UE<->NodeB (Uu): <your data> | PDCP | RLC | MAC | <L1 radio stuff>

NodeB<->RNC (Iub): <your data> | PDCP | RLC | MAC | FP | <L2 stuff depending
on IP/ATM/etc>

RNC <-> SGSN (Iu): <your data> | GTP | UDP | IP | <L2 stuff>

SGSN <-> GGSN (Gn): <your data> | GTP | UDP | IP | <L2 stuff>

GGSN <-> Internet (Gi): <your data> (finally!)

At some points your data's UDP/TCP headers might be compressed/uncompressed
but thats the basic idea. Something needs to perform the functions performed
by all these nodes. "Traditionally" the femtocell is a combination of the
RNC/NodeB (aka the Radio Access Network).

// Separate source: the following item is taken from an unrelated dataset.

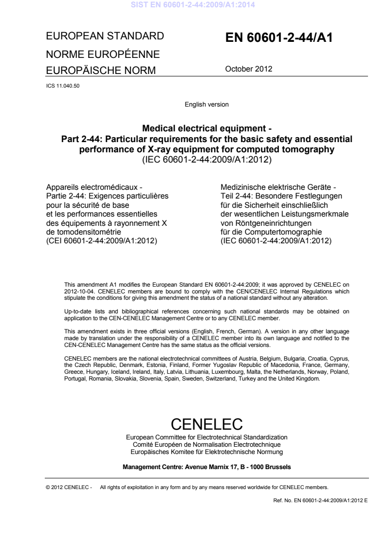 EN 60601-2-44:2009/A1:2012 (adoption of IEC 60601-2-44:2009/A1:2012) is the European particular standard for the basic safety and essential performance of X‑ray equipment for computed tomography (CT). Published by CENELEC/CEN and adopted by national bodies (e.g., SIST), Amendment A1 updates CT dose metrics, user dose notifications, and requirements for CT use in radiotherapy treatment planning (RTP). It supports compliance with EU medical device directives and complements the IEC 60601 family for medical electrical equipment.

Clearly it is possible to add core network functionality to the femtocell, but
not only is it probably not worth it, the security implications are tricky
(you would have to expose your HLR directly to the internet to be able to talk
to the femtocell - instead of just your SGSN, which you would likely have
special CN nodes for talking to femtocells).

So it is almost guaranteed to be the former. And it makes AT&T's
recommendations make alot more sense. You don't even need to assume any malice
in them.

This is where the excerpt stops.